Of course, when no other options are available, flawed data serves
better than none at all. However, let me point out that better
databases, anchored in national systems, have already appeared and, year
by year, are increasingly available.
M’hamed el Aisati, vice-president at Elsevier, and an analyst endowed
with an impressive “ranking intuition”, emphasised in his speech in
Tashkent the growing need for big data platforms to evaluate the impact
of research, its visibility, academic collaboration and innovation.
He then presented the first already tested and operational national
research evaluation platforms which are being used in Japan and Egypt.

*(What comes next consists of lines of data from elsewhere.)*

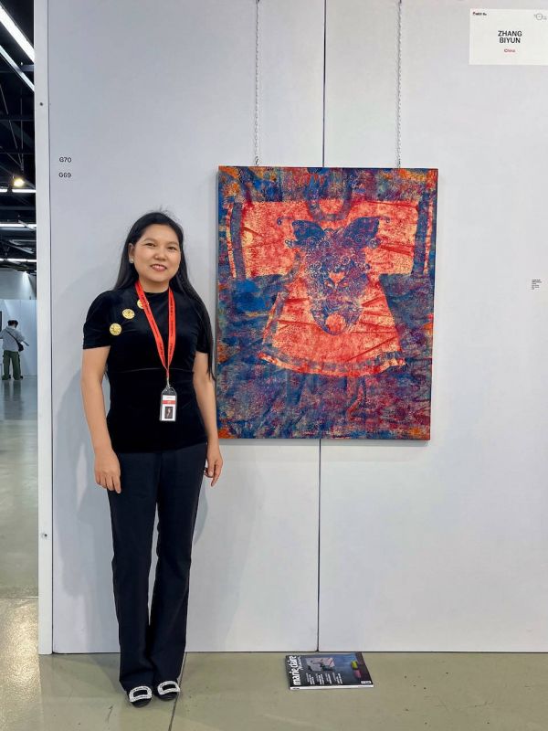 张碧云教授的作品从众多国际艺术家中脱颖而出,其创作融合中国大写意绘画的精神内涵与当代视觉语言,呼应了本届双年展对文化对话与美学共融的探讨。两幅参展作品以东方服饰与色彩为媒介,构建出历史与当代、东方与西方之间的艺术对话,更通过独特的东方视角,为全球观众理解“二元与统一”的展览主题提供了崭新的美学维度,展现出中国绘画在全球化语境下的创新表达。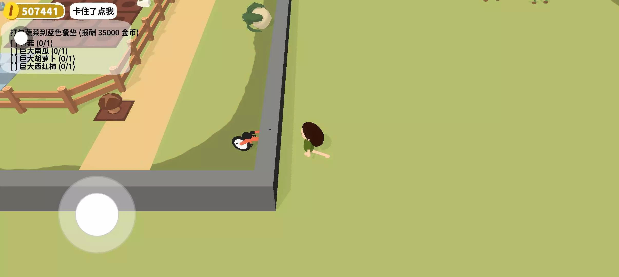 把红色自行车骑到墙边,点击下车就可以出墙。墙外有一个钥匙,把它放在墙边,点击‘卡住了点我’回到墙内,靠近放钥匙的那边墙可以拾取。钥匙能打开宝箱,开出的宝石在菜园门口边的出售蔬菜的箱子可以卖,能挣很多。
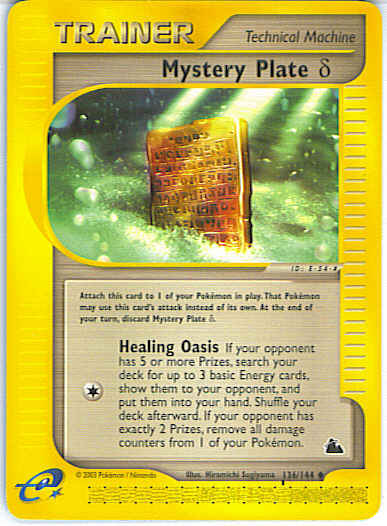 | Type | Trainer | | Pokemon serie | Skyridge | | Stadie | Trainer (Technical Machine) | | Sjældenhed | Uncommon | | Kortnummer | 136 | | Evne | [C] Healing Oasis - If your opponent has 5 or more Prizes, search your deck for up to 3 basic Energy cards, show them to your opponent, and put them into your hand. Shuffle your deck afterward. If your opponent has exactly 2 Prizes, remove all damage counters from 1 of your Pokemon.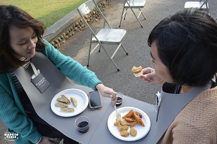 “低头病”似乎并没有根治良方,不过不少人已经尝试了各种新奇手法。台湾的一个大学生就搞出了一个餐桌 Napkin Table,“强迫”人们在吃饭时面对彼此,从而“扔掉”手机。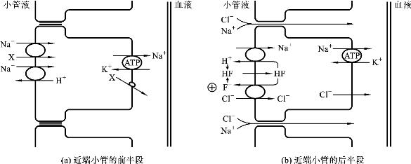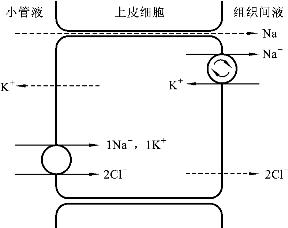 (1)近端小管:在近端小管的前半段,Na+通过Na+泵转运至细胞间隙,使细胞内低Na+并处于负电位,小管液中的Na+和葡萄糖与管腔膜上的同向转运体结合,Na+顺电化学梯度进入近端小管腔上皮细胞内,进入细胞内的Na+又被细胞基侧膜上的Na+泵泵至细胞间隙后扩散入血。另一部分Na+通过Na+-H+交换而主动重吸收,小管液中的Na+和上皮细胞内的H+与管腔膜上的交换体结合进行逆向转运,小管液中的Na+顺浓度梯度通过管腔膜进入细胞,进入细胞内的Na+也被Na+泵泵至细胞间隙而主动重吸收。Cl-的重吸收是被动的,由于Na+的重吸收使得近端小管腔负电荷较多而细胞内正电荷较多,细胞内对负电荷吸引力增加促使Cl-顺着电化学梯度进入细胞内,并随Na+一起进入细胞间隙后扩散入血。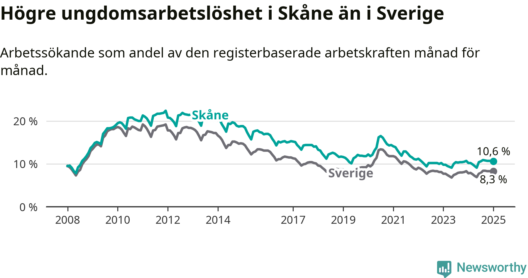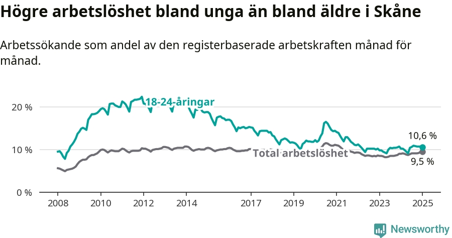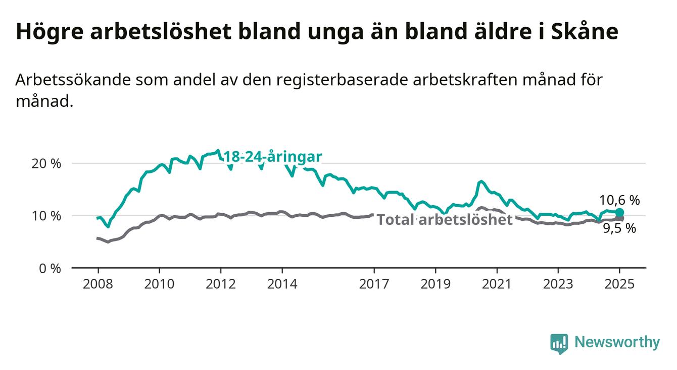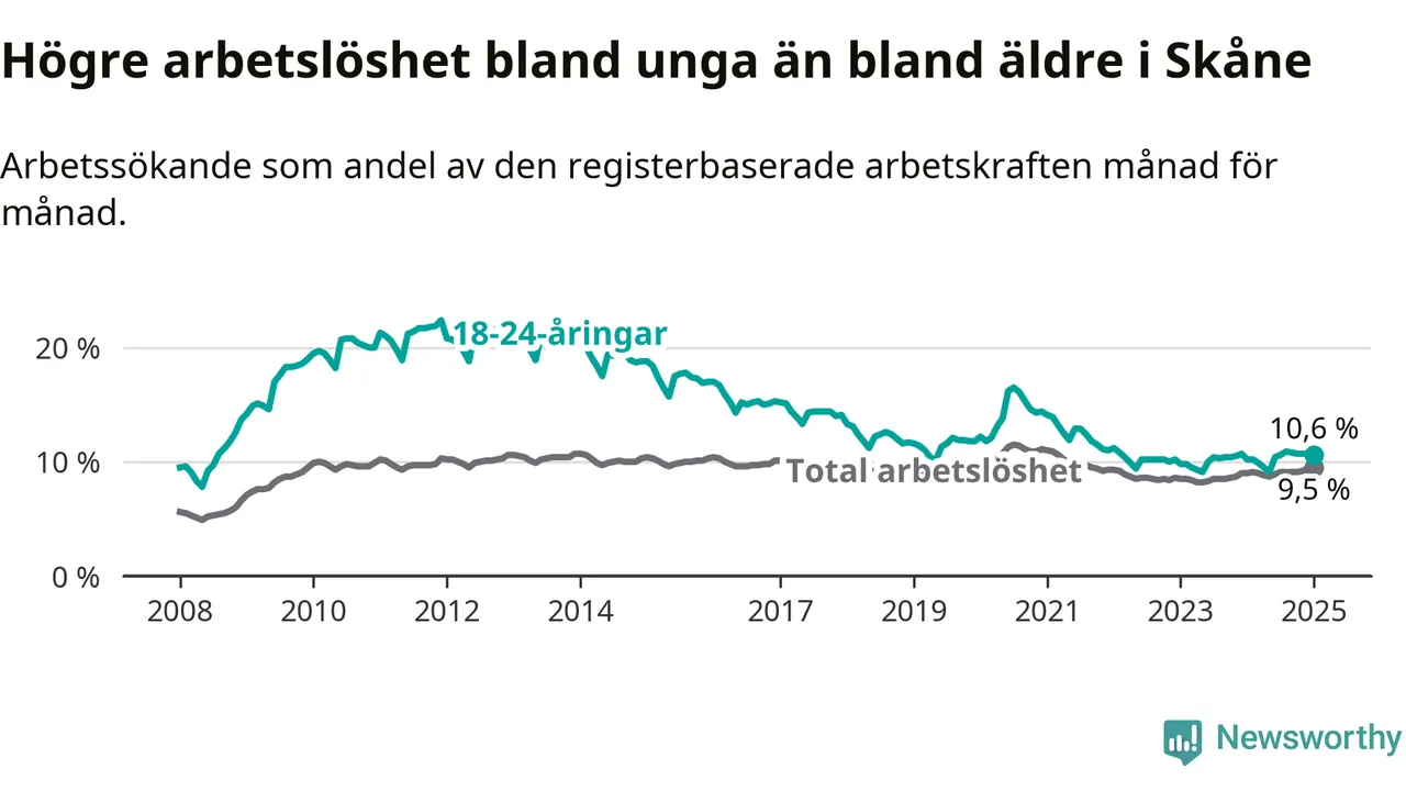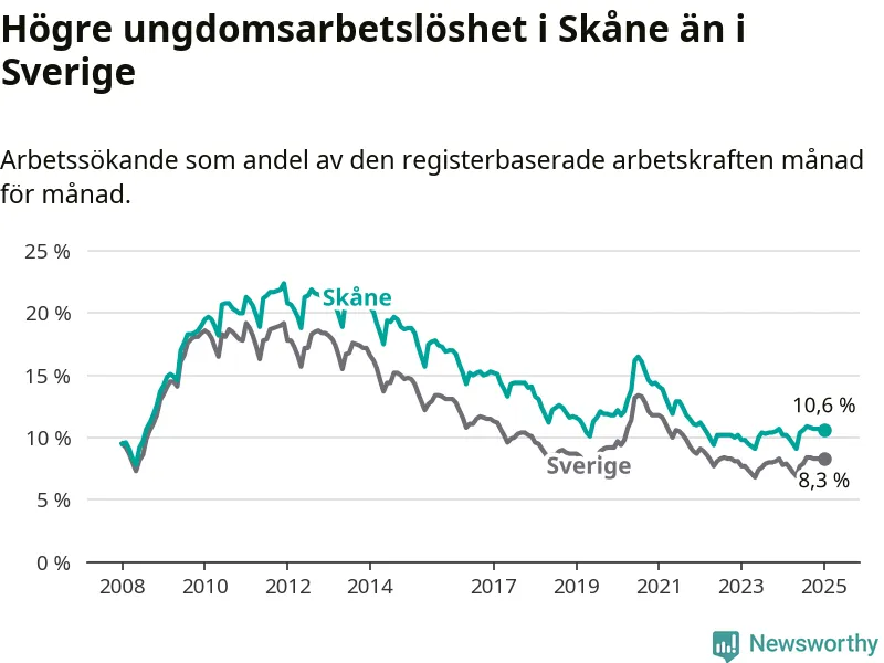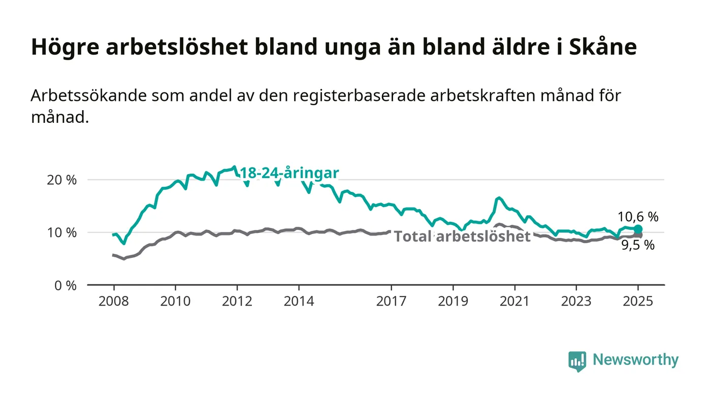 Precis som den totala arbetslösheten ligger ungdomsarbetslösheten i Skåne högre än i Sverige som helhet. Skillnaden mellan länet och riket är 2,3 procentenheter.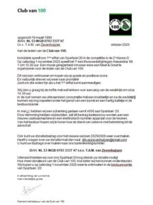 Zaterdag 1 november 2025 is de volgende Ontmoet & Groet voor de CLUB VAN 100.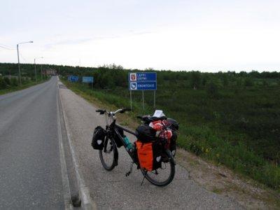 Es ist recht warm, und auch der Wind bläst moderat aus günstigen Richtungen. Selbst die gelegentlich auftauchenden Hügel sind unter diesen Umständen kaum der Rede wert. Noch auf finnischem Gebiet treffe ich auf das ältere Berliner Radlerpaar, das ebenfalls auf dem Weg zum Nordkap ist. Seit Vittangi radele ich immer wieder an den beiden vorbei, was stets Anlass für einen kleinen Plausch ist. Auch dieses Mal unterhalten wir uns für ein paar Kilometer, bis ich wieder in die Pedalen trete und in meinem eigenen Rhythmus und Tempo nach Norden radele.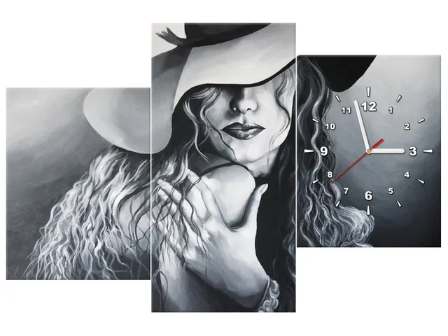 Úvod » Obrazy » Obrazy s hodinami » Obraz na plátne s hodinami Šedá dáma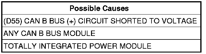 - Repair the (D55) CAN B Bus (+) circuit for a short to voltage.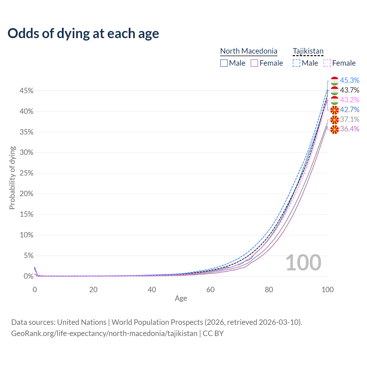 This life expectancy calculator shows the odds of living to 100, 95, 90, and below based on current age for both males and females in North Macedonia and Tajikistan, along with mean and median age of death. The calculations are based on the 2026 life tables (actuarial tables) from the UN World Population Prospects.

What is a national research evaluation platform? As Aisati explained:
“It is a big data platform that provides a knowledge network to support
high-value decisions. It is a knowledge network that provides an
integrated view of relevant research data, ensuring that high-value
client decisions are based on an inclusive, truthful and unbiased view
of their country’s research ecosystem.”
Such a platform is modular. It collects dispersed data, including
digitisation. Non-English language data is being translated into
English. Linking and profiling of references as well as automatic
classification and metrics are provided.
In less specialised language: the big data national research evaluation
platforms cover the entire research output of Japan and Egypt, including
their academic characteristics. Hearing this at the IREG 2023
Conference, Professor Piotr Stepnowski, rector of the University of
Gdansk in Poland, said in an emotional outburst: “This will radically
change evaluation of individual countries in world science!”
Yes, it will! In fact, it already signals the beginning of a
‘breakthrough’, the word that best describes the essence of the
discussion in Tashkent.
The role of AI
The subject of big data has appeared in various ranking-related
conversations for over a dozen years. It is obvious that the global
‘data ocean’ on science and higher education can create new analytical
possibilities and, consequently, new solutions in the ranking area. By
the way, ‘data ocean’ was one of the key phrases of the IREG 2019
Conference in Bologna.
But the excitement about this potentially revolutionary technology has
been effectively dampened by the so-called ‘artificial intelligence
winter’. It was impossible to meet the huge expectations presented by
the first AI algorithms because two things were still missing: data that
could be sent in bulk, and computing power of sufficient capacity.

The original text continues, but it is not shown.